Through to the final line, write out the records below exactly, omitting any images they contain.

Information shown Start Marker

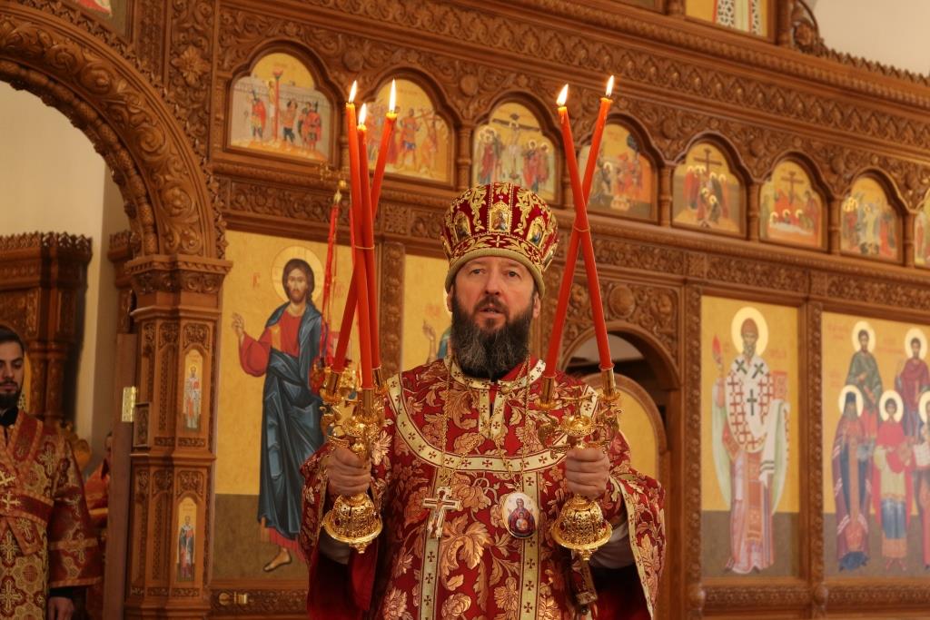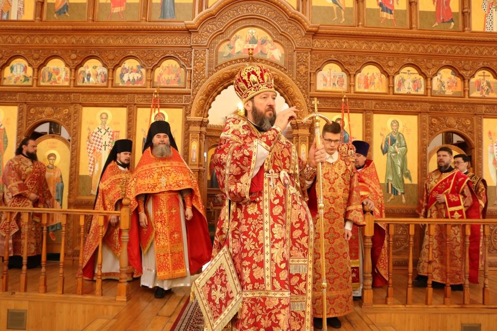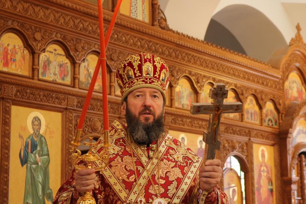 Затем Владыка епископ поздравил собравшихся с праздником Пасхи Господней и обратился к народу Божию с Архипастырским словом.
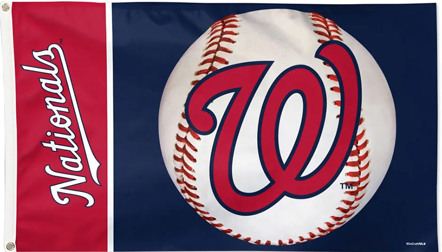 Washington Nationals Baseball Flags Officially licensed 3x5 feet flag with attached D-rings. The imprint is 100% show through to the backside with a long lasting color-fast die. Fly on a flagpole or hang it on a wall. Flags come poly-bagged with header and graphic displayed. Made in USA
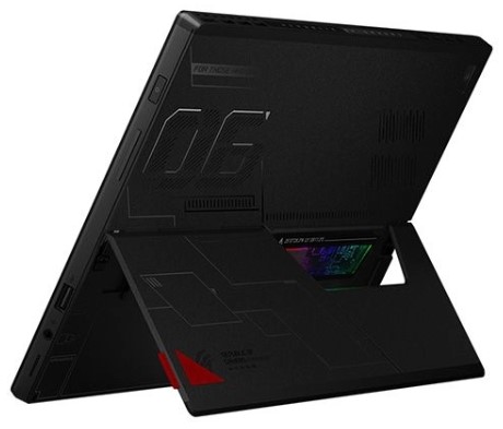 Thiết kế của Asus ROG Flow Z13 (2022) GZ301 lấy cảm hứng từ những con tàu vũ trụ trong các bộ phim khoa học viễn tưởng. Phiên bản này còn mang đến một thiết kế đa năng 2 trong 1, có thể biến thành một chiếc tablet thông qua chân đế đi kèm, với khả năng điều chỉnh lên đến 170 độ. Sự sắp xếp thông minh của các linh kiện phía sau màn hình cho phép ROG Flow Z13 tự đứng cân bằng trên bề mặt phẳng nhờ vào chân đế tích hợp. Điều này không chỉ cải thiện lưu thông không khí mà còn tăng hiệu quả tản nhiệt hơn so với các dòng laptop thông thường chỉ tản nhiệt từ mặt đáy.
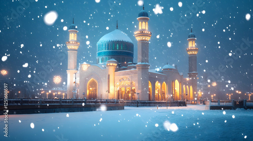 Beautiful Mosque Surrounded by Snow with Calm Atmosphere During Ramadan
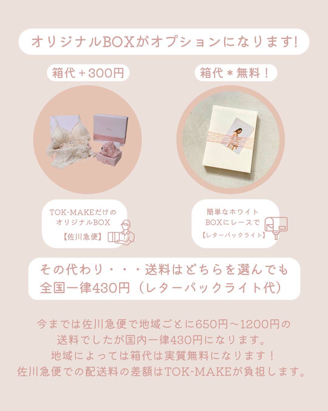 ・お箱はホワイト無印BOX【無料】とオリジナルロゴ入りBOX【+300】がございます。
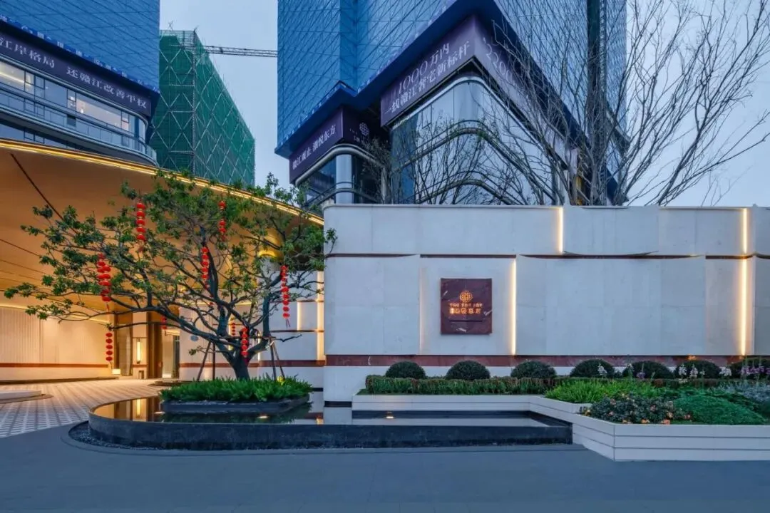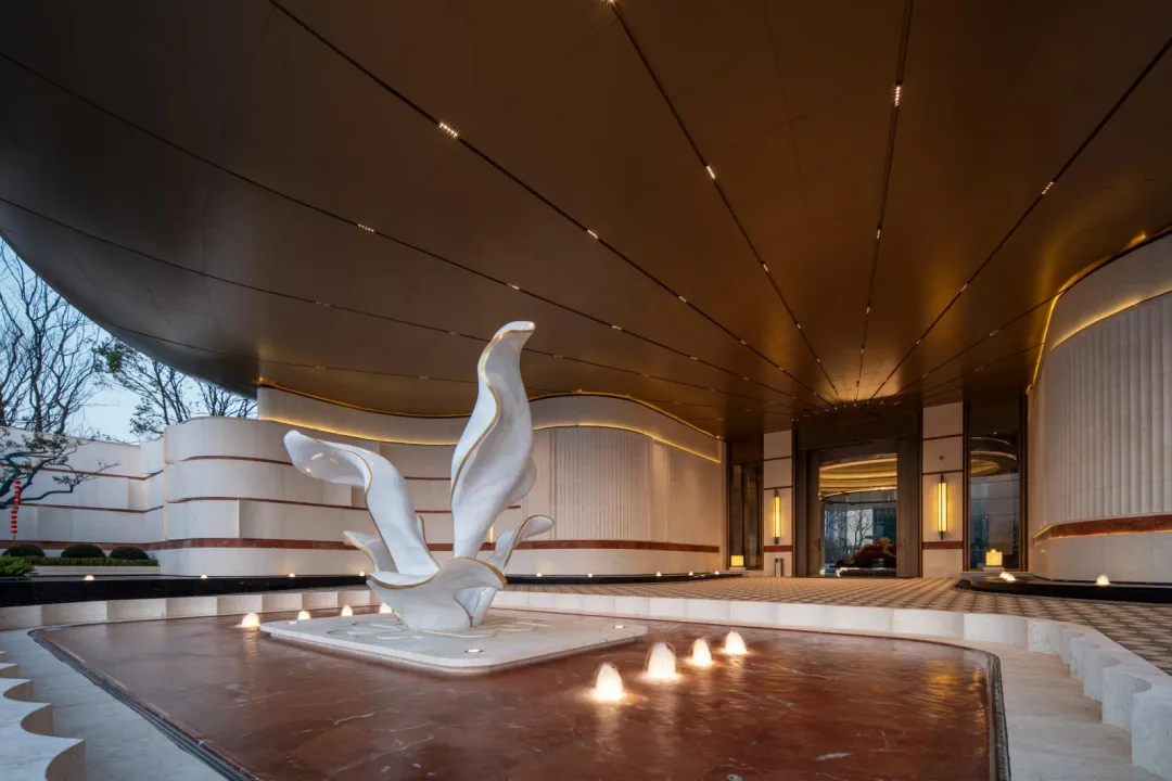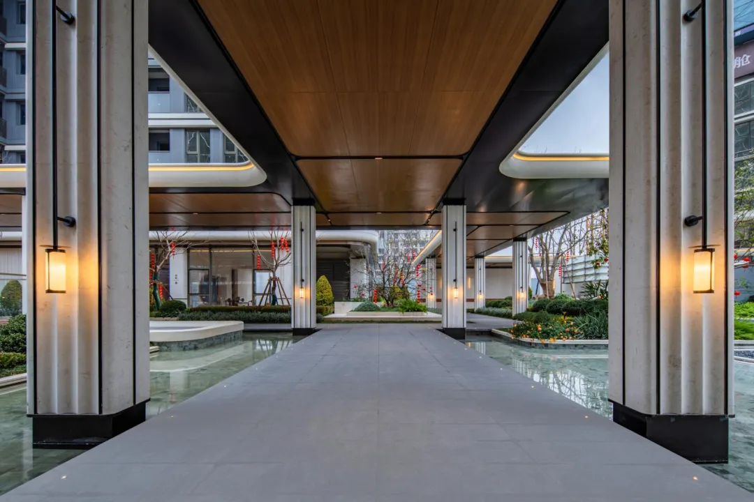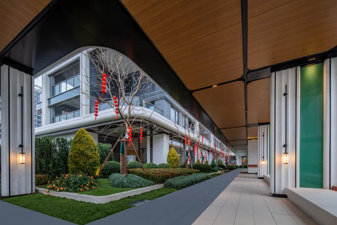 中央环岛设计,搭配高约6M的对植红果冬青,取意“红果迎门,吉祥入户”。近40米椭圆形“悬浮顶”设计,气场大开;金边瑞香艺术水景与赣江波澜遥相呼应,动静之间,形成层层递进的空间韵律,让每一次归家,都是一场由尺度的把控、材质的碰撞与乔木的搭配共同烘托的仪式。
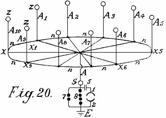 Fig.20 zeigt eine der einfachsten Formen der Konstruktion eines Antennennetzes in Kombination mit Kollektoren, Transformatoren und dergleichen. E ist der Erdungsdraht 8 das Sicherheitsfunkenstrecke 7 der Arbeitsfunkenstrecke, 1 und 2 die Ständerflächen des Motors 5 eine Kondensatorbatterie, S die Schutzmagneten, der mit der Spule in der Luftleiter verbunden ist A1-A10 Antennen mit dem Sammeln von Luftballons, N horizontalen Auffang oder Anschlussdrähte, aus denen eine Reihe von Verbindungen ins Zentrum laufen.

Information shown End Marker

◆ **Expected answer**
 Затем Владыка епископ поздравил собравшихся с праздником Пасхи Господней и обратился к народу Божию с Архипастырским словом.
 Washington Nationals Baseball Flags Officially licensed 3x5 feet flag with attached D-rings. The imprint is 100% show through to the backside with a long lasting color-fast die. Fly on a flagpole or hang it on a wall. Flags come poly-bagged with header and graphic displayed. Made in USA
 Thiết kế của Asus ROG Flow Z13 (2022) GZ301 lấy cảm hứng từ những con tàu vũ trụ trong các bộ phim khoa học viễn tưởng. Phiên bản này còn mang đến một thiết kế đa năng 2 trong 1, có thể biến thành một chiếc tablet thông qua chân đế đi kèm, với khả năng điều chỉnh lên đến 170 độ. Sự sắp xếp thông minh của các linh kiện phía sau màn hình cho phép ROG Flow Z13 tự đứng cân bằng trên bề mặt phẳng nhờ vào chân đế tích hợp. Điều này không chỉ cải thiện lưu thông không khí mà còn tăng hiệu quả tản nhiệt hơn so với các dòng laptop thông thường chỉ tản nhiệt từ mặt đáy.
 Beautiful Mosque Surrounded by Snow with Calm Atmosphere During Ramadan
 ・お箱はホワイト無印BOX【無料】とオリジナルロゴ入りBOX【+300】がございます。
 中央环岛设计,搭配高约6M的对植红果冬青,取意“红果迎门,吉祥入户”。近40米椭圆形“悬浮顶”设计,气场大开;金边瑞香艺术水景与赣江波澜遥相呼应,动静之间,形成层层递进的空间韵律,让每一次归家,都是一场由尺度的把控、材质的碰撞与乔木的搭配共同烘托的仪式。
 Fig.20 zeigt eine der einfachsten Formen der Konstruktion eines Antennennetzes in Kombination mit Kollektoren, Transformatoren und dergleichen. E ist der Erdungsdraht 8 das Sicherheitsfunkenstrecke 7 der Arbeitsfunkenstrecke, 1 und 2 die Ständerflächen des Motors 5 eine Kondensatorbatterie, S die Schutzmagneten, der mit der Spule in der Luftleiter verbunden ist A1-A10 Antennen mit dem Sammeln von Luftballons, N horizontalen Auffang oder Anschlussdrähte, aus denen eine Reihe von Verbindungen ins Zentrum laufen.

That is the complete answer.